На высокой горной поляне, скрытые в тепло-желтое великолепье лиственниц, неведомо как забредшие на такую высоту, среди нагретых камней и хвои Тереза и Роберт отдыхают на половине перехода к часовне снегов, куда сестры, не без добродушного лукавства или просто как самых молодых, послали Роберта и Терезу обследовать, прибрать и запереть часовню перед зимними месяцами.
Сидя рядом, не слишком близко, но и не слишком далеко, они молчат, зачарованные всеобщим прощальным сиянием, всеобщим торжественным замиранием природы. Тереза следит за белками, высоко задирая голову и стремительно восклицая: «Voyez, voyez, Robert»1; желая указать, где именно, она берет его за руку и его рукою неловко показывает в чащу, и Роберту кажется, что рука его коснулась священного неземного тепла; не могучи вынести прикосновения, он сам отнимает руку и поворачивает голову.

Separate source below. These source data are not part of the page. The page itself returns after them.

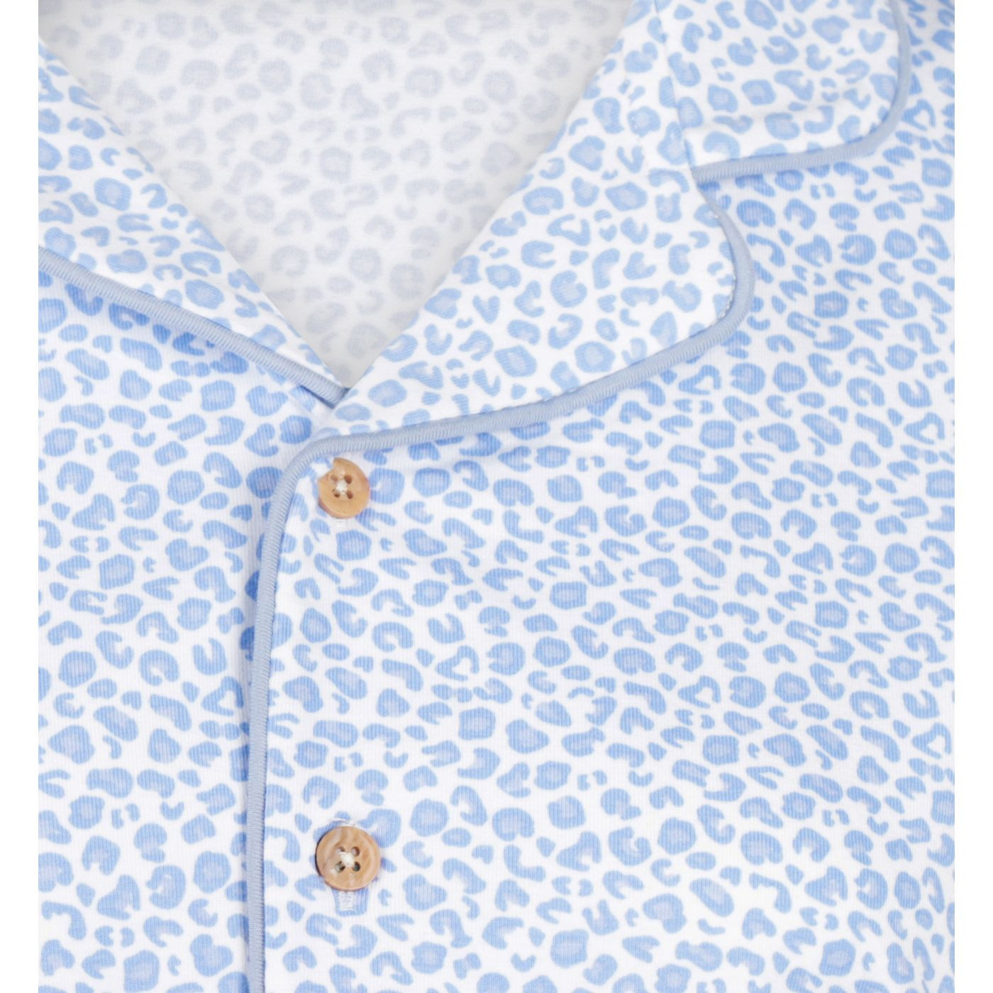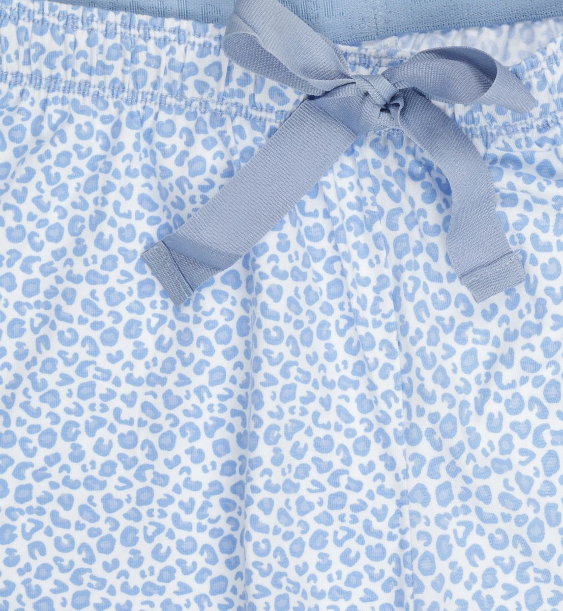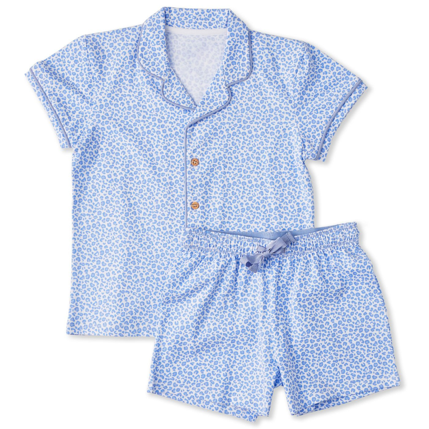 Stylish and sweet, the Bluebell Spots Sleepwear Set features a short-sleeve button-up top with matching shorts in a soft blue leopard print.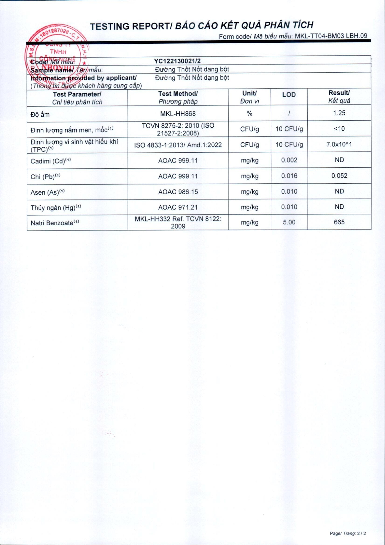 Chỉ tiêu chất lượng: không sử dụng đường hóa học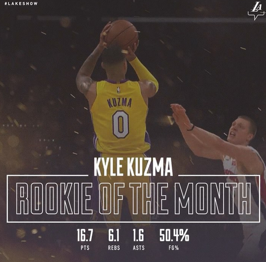 “官方:@凯尔-库兹马当选西部月最佳新秀!#KuzControl”湖人官方写道。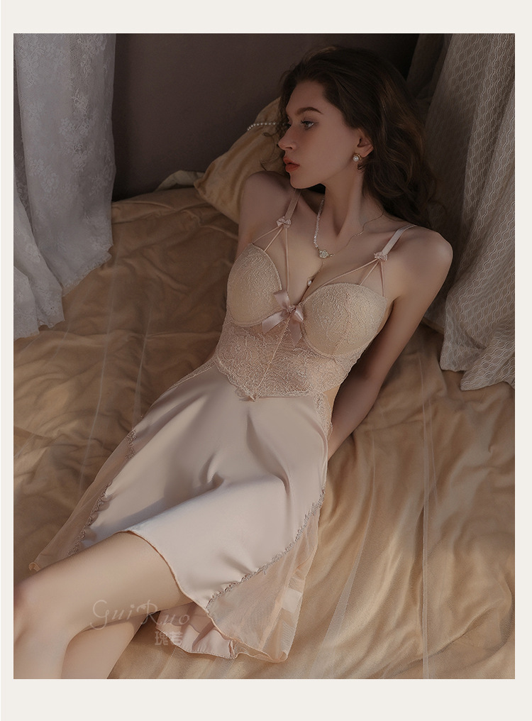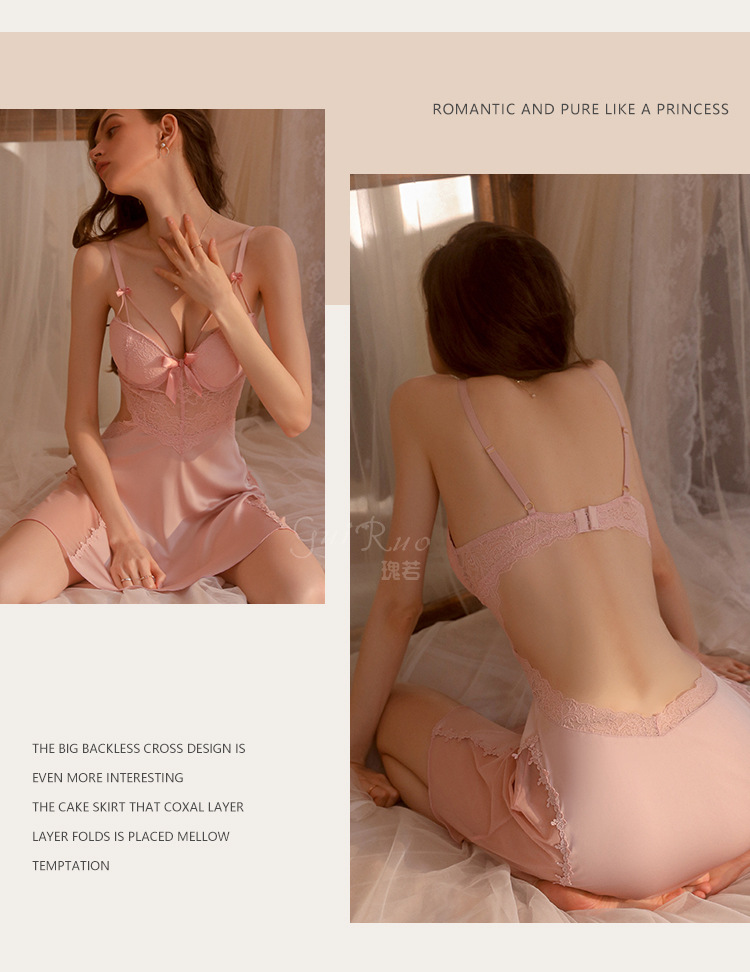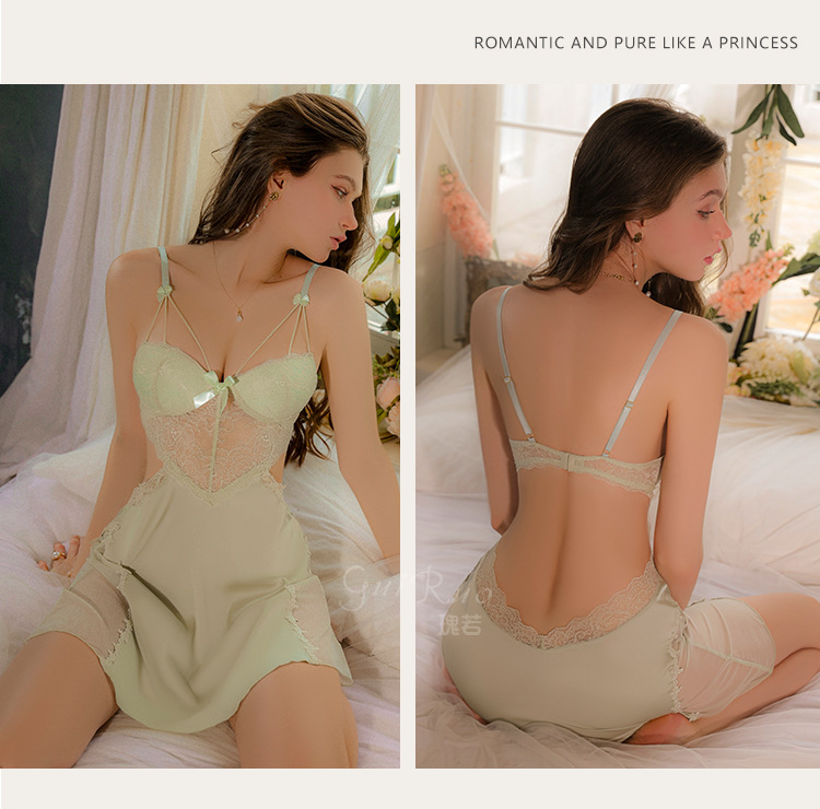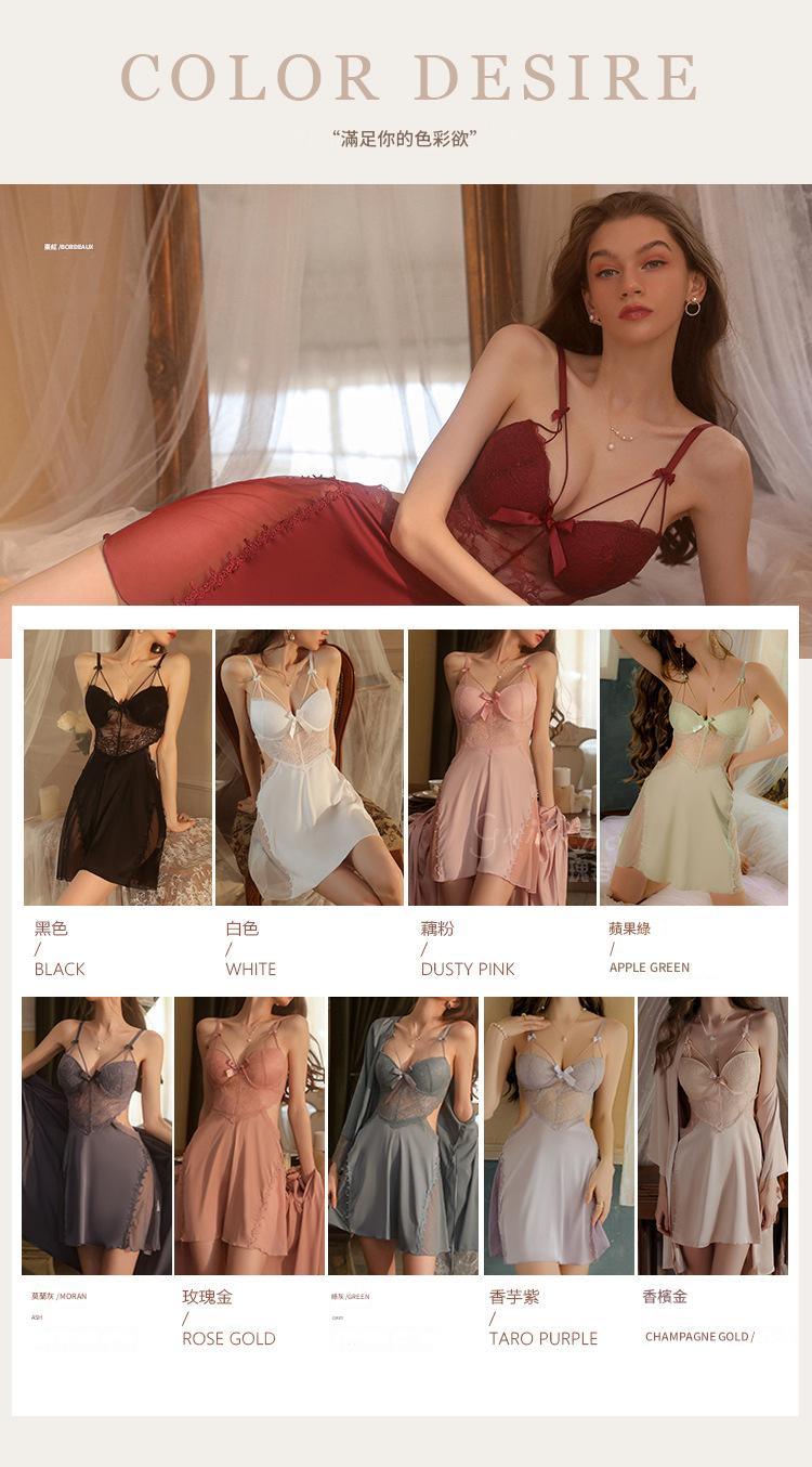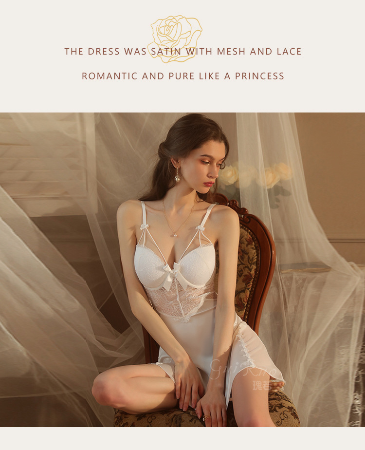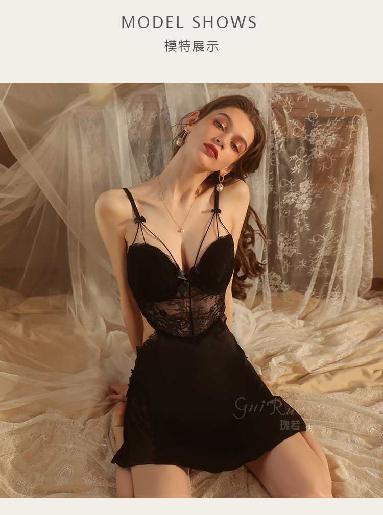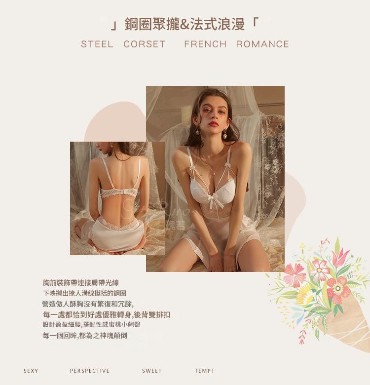 LPLT6319100002 性感蕾絲透視誘惑鋼圈聚攏加胸墊大碼吊帶裙女家居服套裝

– Voyez, voyez encore!2 – восклицает Тереза, но, видя, что он не следит вовсе, она затихает и вопросительно-печально смотрит на него. Молчание. Наконец, Тереза серьезно, как только дети это умеют, спрашивает:
– Роберт, вы печальны в последнее время, что с вами, вы и бойскаутов своих забросили, и о зимних занятиях не думаете, что с вами, вы сердитесь, Роберт?
1 «Смотрите, смотрите, Роберт» (фр.). 2 – Посмотрите, посмотрите еще1 (фр.).